One of the first decisions one has to make when learning to program is which programming language to learn. In some cases, the choice is made for you, dictated either by the language used in a class, or by a framework you need to use, but often you will have at least a few options.
Picking your first (and second) language can be daunting, as there are so many candidates out there. It’s not always clear how they differ, and much less which are “better” for what you are wanting to do. This post will try to give a high-level overview of the choices that are available, and what differentiates them, to aid you in making an informed decision.
Note that this post is not a review of any of these languages, nor does it aim to find the “best” programming language out there. I will describe different types of languages, and give examples for each one, but the choice of category, and language within that category, is yours. My hope is that this post will provide you with enough context and terminology to let you continue a more informed and restricted search on your own.
Choosing a language
Programming languages generally belong to a number of different categories. These are often referred to as “paradigms” in the literature. As we’ll see shortly, the lines between different paradigms are often blurred, especially when it comes to more modern languages. Many languages are so similar that they differ mostly in syntax, ecosystem, and conventions, not in features. Nevertheless, they can be useful for limiting the number of languages to look at in more detail.
Through all of this, it is important to keep in mind that these languages can all do the same things — they all let you print to the screen, do math, read files, connect to the internet, etc. They differ in how they enable you to do that, and in many cases, how convenient it is to do those things. Some languages are more suitable for doing statistical computation, some are better for building websites, and others are better for interacting with hardware. This is part of the reason why it’s important to ask yourself what kind of thing you want to do first, and only then start looking for a language.
Level of abstraction
Let’s start with one of the most discriminatory features of programming languages: the level of abstraction from the hardware. Languages that hide more of the inner workings of the computer from the programmer are usually referred to as “high-level”, whereas those that expose these low-level details are called “low-level”. This distinction is more of a scale than it is a categorization — plenty of languages can be considered “mid-level” in terms of abstraction.

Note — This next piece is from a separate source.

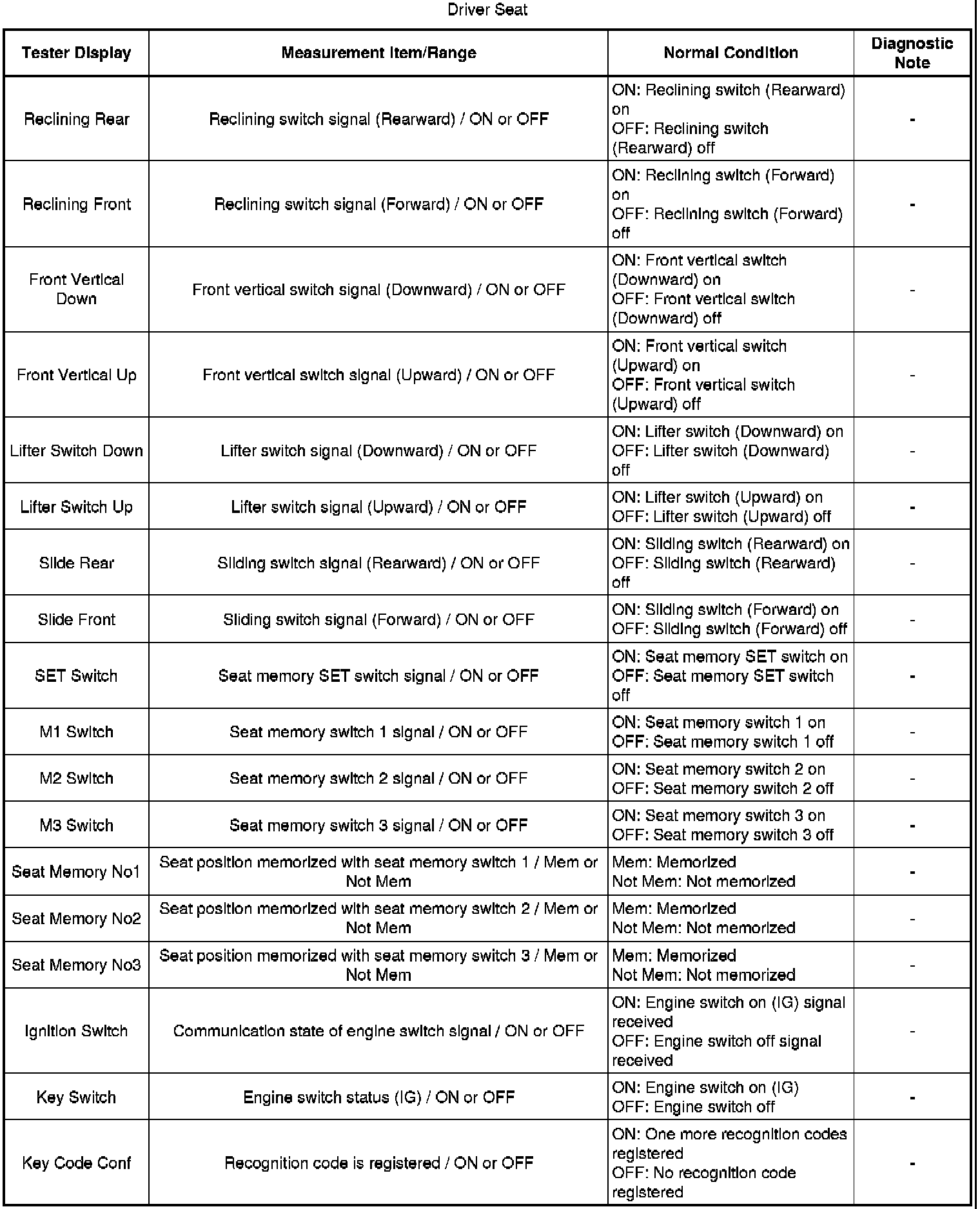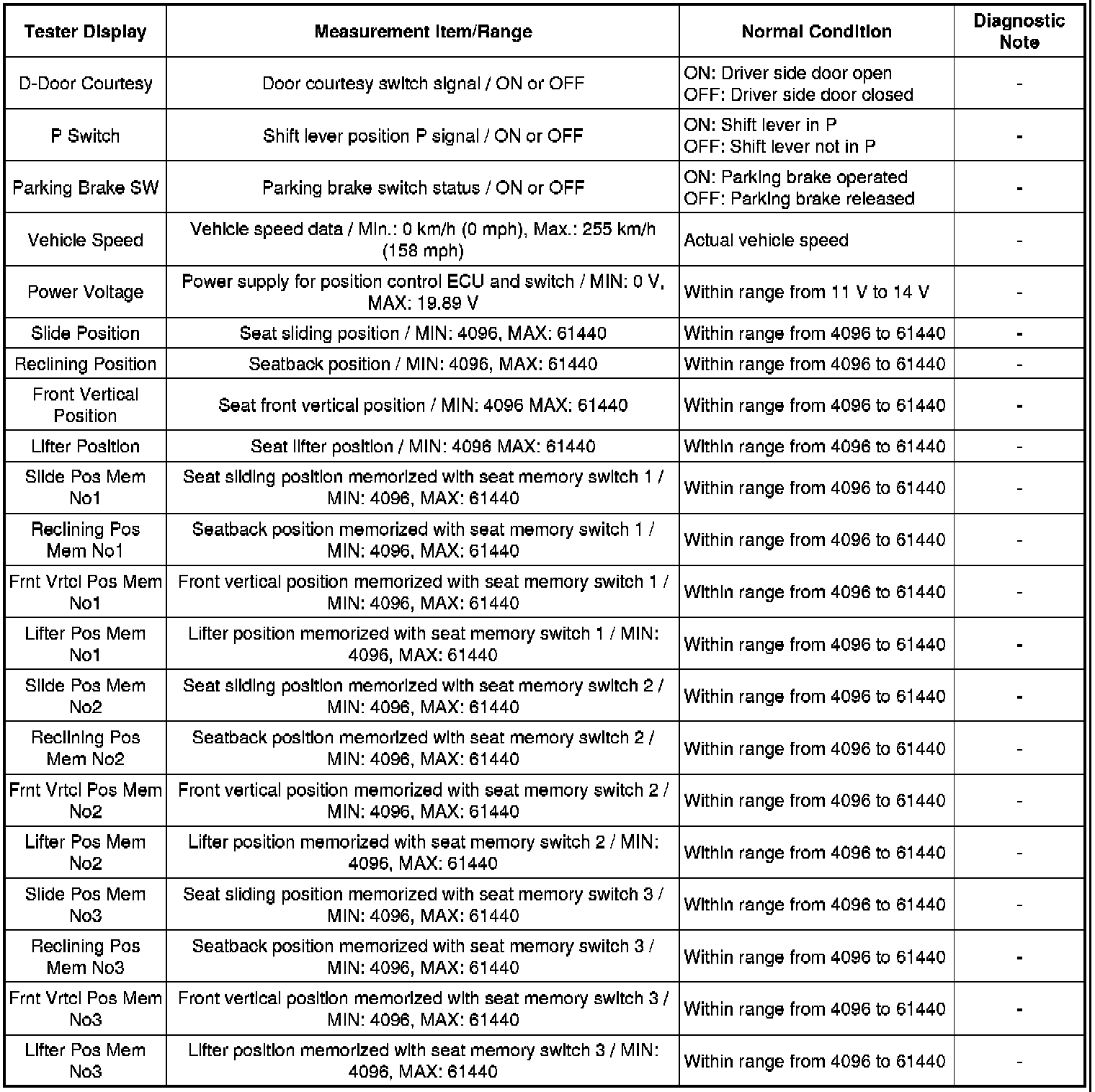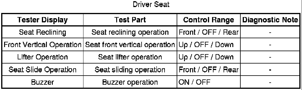 SEAT: FRONT POWER SEAT CONTROL SYSTEM: DATA LIST / ACTIVE TEST

In general, abstractions come at a price, and the higher level the languages, the lower the performance. That said, even high-level languages have performance that is suitable for most applications. You should find a language in the “highest” category whose performance your application can tolerate.
Increased abstraction also hides more of the inner workings of your program from you — there’s more “magic” going on behind the scenes. This is often what you want, as it can save you a lot of typing, but it may cause frustration if things break or underperform, and you have to figure out why. How much magic is right for you is a matter of personal taste, and you may have to play around with multiple languages before you find what’s right for you.
Without further ado, let’s look at a few different “tiers” on this scale, and examples of what languages fit in each tier.
Little to no abstraction. At the bottom of the scale, we have a set of languages that are commonly referred to as assembly code. Assembly is an almost direct mapping of the machine instructions understood by your CPU, and thus there exist many different variants of assembly, each one mapping to a different type of CPU. Every statement in your code is a single machine operation, such as “store this value to this piece of memory” or “add the values from these two pieces of memory”.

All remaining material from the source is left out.